Depreciation, depletion and amortization, or DD&A. DD&A expense decreased $39.9 million, to $90.8 million in 2009 from $130.7 million in 2008. The decrease is attributable to our oil and gas depletion, primarily due to a lower per unit rate ($33.9 million) and decreased production ($7.1 million). Our oil and gas unit of production rate decreased to $11.49 per BOE in 2009 compared to $15.70 per BOE in 2008. The decrease primarily reflects the 2008 year-end impairment of our oil and gas properties, which has reduced our DD&A rate in subsequent periods.

Legal Settlement Recovery. In the second quarter, we received a net recovery of $87.3 million as our share of the $1 billion judgment for all lessees of the 35 leases involved in the lawsuit Amber Resources Company et al. v. United States, Case No. 02-30c.

Interest expense. The following table reflects our interest expense and capitalized interest for the three months ended June 30, 2009 and 2008 (in thousands):

                                              Three Months Ended
                                                   June 30,
                                             2009           2008
                  Interest expense         $  45,464      $  35,561
                  Capitalized interest       (29,529 )      (12,050 )

                  Total interest expense   $  15,935      $  23,511

Interest expense decreased due to an increase in capitalized interest of $17.5 million offset by an increase in interest expense before capitalization of $9.9 million. The increase in interest expense before capitalization is attributable to a higher average interest rate associated with the 75/8% Senior Notes issued in May 2008 and the 10% Senior Notes issued in 2009. The increase in capitalized interest is attributable to higher unevaluated property balances associated with our Haynesville Shale properties and a higher average interest rate.

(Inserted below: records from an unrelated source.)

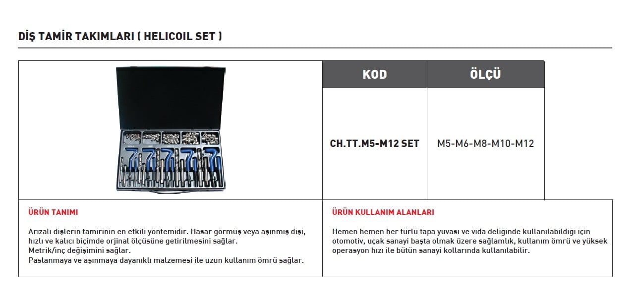 Otomotivden makine imalatına, beyaz eşya bakımından atölye uygulamalarına kadar birçok alanda bu setle etkili sonuçlar alırsınız. Yüksek mukavemetli paslanmaz çelikten üretilen Helicoil diş yayları, onarılan dişleri orijinalinden daha sağlam hale getirir. Böylece bağlantı noktalarında güvenlik ve dayanıklılığı garanti edersiniz.
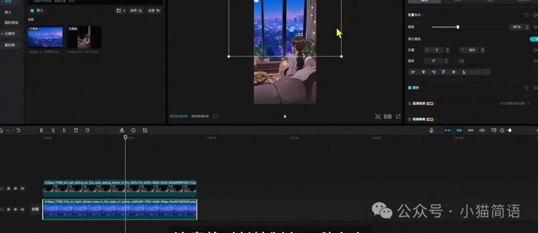 接着我们打开剪映,将图片素材拖进来,注意要将窗外风景放在主轨道,室内图放在上方,这样风景就跑到窗外去了。
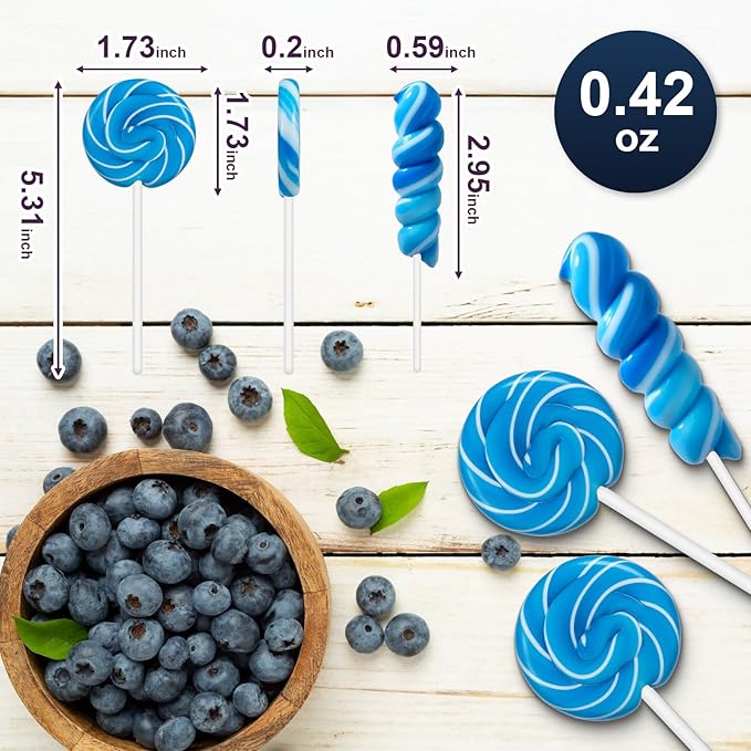 - Classic Blueberry Flavor in Two Fun Forms: Indulge in the sweet and tangy taste of natural blueberry with our delicious lollipops. This unique assortment offers the best of both worlds, featuring 16 classic round swirl lollipops and 16 playful spiral sticks, providing a delightful visual and tasting experience.
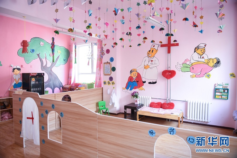 青海省果洛藏族自治州瑪沁縣拉加鎮(zhèn)中心幼兒園的興趣教學(xué)室。(新華網(wǎng)潘彬彬 攝)
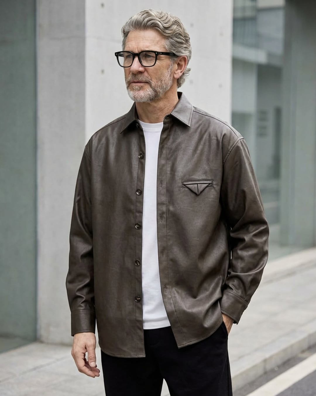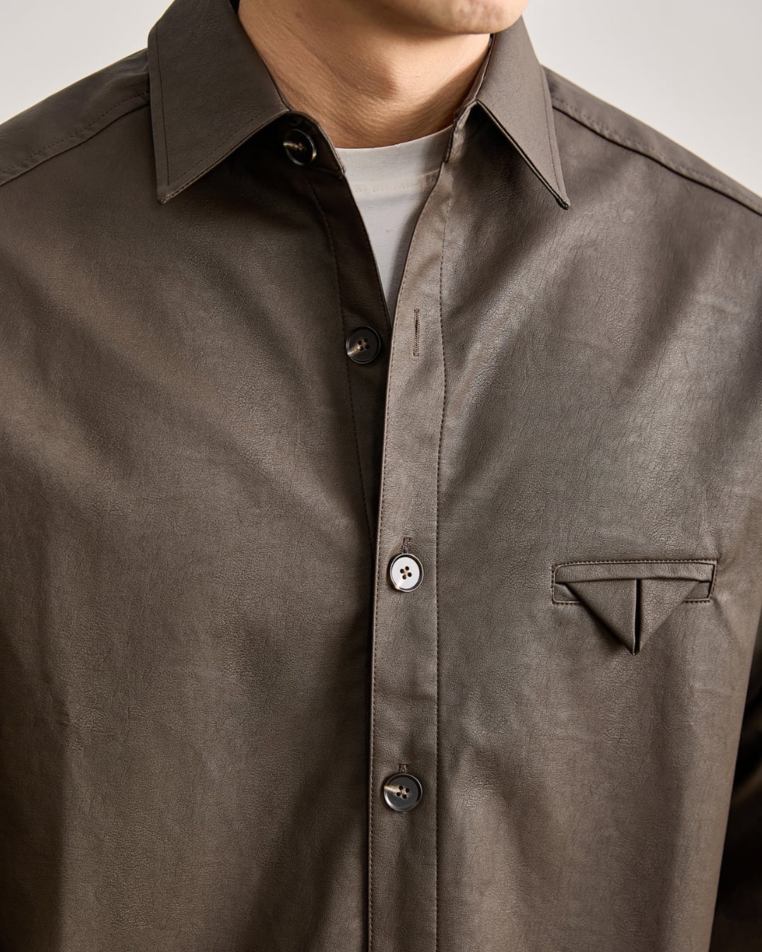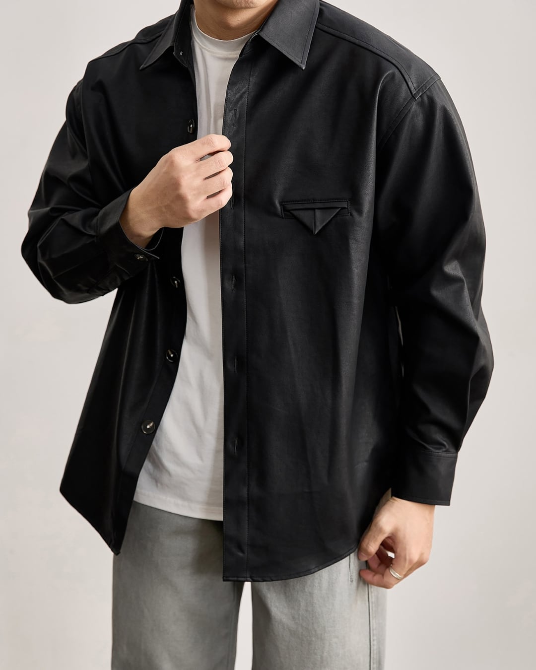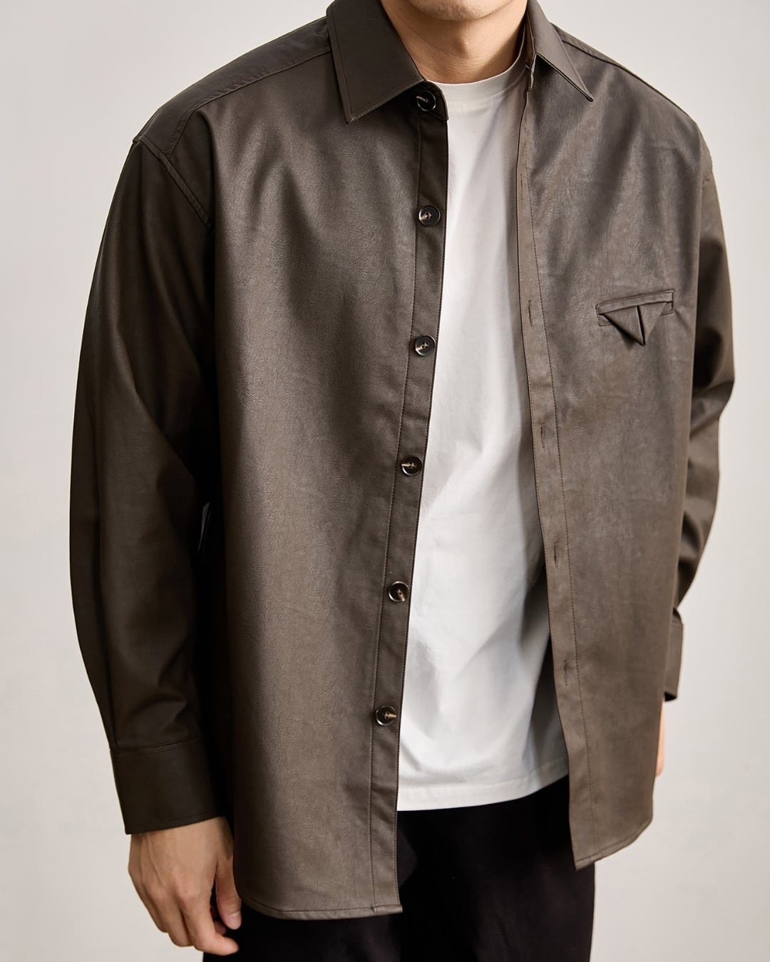 【マットな質感が映える、レザーライク素材のシャツジャケット】
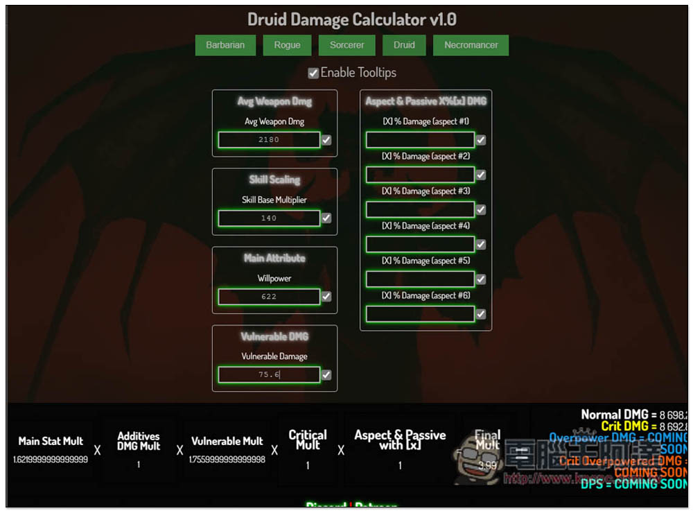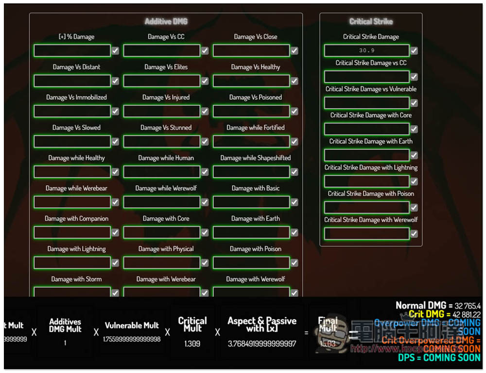 目前這計算機還有一些功能還沒推出,像是 Overpower DMG、DPS 等等。不過就如同前面曾說的,暗黑四的傷害算法很複雜,像是加上中毒條件之後,又會有其他傷害加成,算出來的數字參考就好,至少可以透過這個計算機來得知,該從那邊下手才能提升傷害。

Loss on mark-to-market derivative contracts. We do not currently use hedge accounting for our derivative instruments. Consequently, these derivative contracts are marked-to-market each quarter with fair value gains and losses, both realized and unrealized, recognized currently as a gain or loss on mark-to-market derivative contracts on the income statement. Cash flow is only impacted to the extent the actual settlements under the contracts result in our making a payment to or receiving a payment from the counterparty.

We recognized an $89.7 million loss related to mark-to-market derivative contracts in the second quarter of 2009, which was primarily associated with a decrease in the fair value of our crude oil puts due to higher crude oil prices. In the second quarter of 2008, we recognized a $51.4 million loss related to mark-to-market derivative contracts.

Income taxes. During interim periods income tax expense is based on the estimated annual effective income tax rate plus any significant unusual or infrequently occurring items recorded in the period that the specific item occurs. As income before income taxes changes in future quarters, our effective tax rate may increase or decrease. The variance in our estimated annual effective tax rate from the 35% federal statutory rate primarily results from the tax effects of estimated annual permanent differences, including
(1) expenses that are not deductible because of Internal Revenue Service limitations, (2) the special deduction for domestic production, and (3) state income taxes.

For the second quarter of 2009, our income tax benefit was approximately negative 105% of pre-tax income. The effective tax rate of negative 105% for the quarter results primarily from changes in the relationship of 2009 estimated pre-tax income relative to estimated permanent differences together with specific items affecting income tax expense for the quarter which included a significant reduction in our balance of unrecognized tax positions. For the second quarter of 2008, income tax expense was approximately 36% of pre-tax income.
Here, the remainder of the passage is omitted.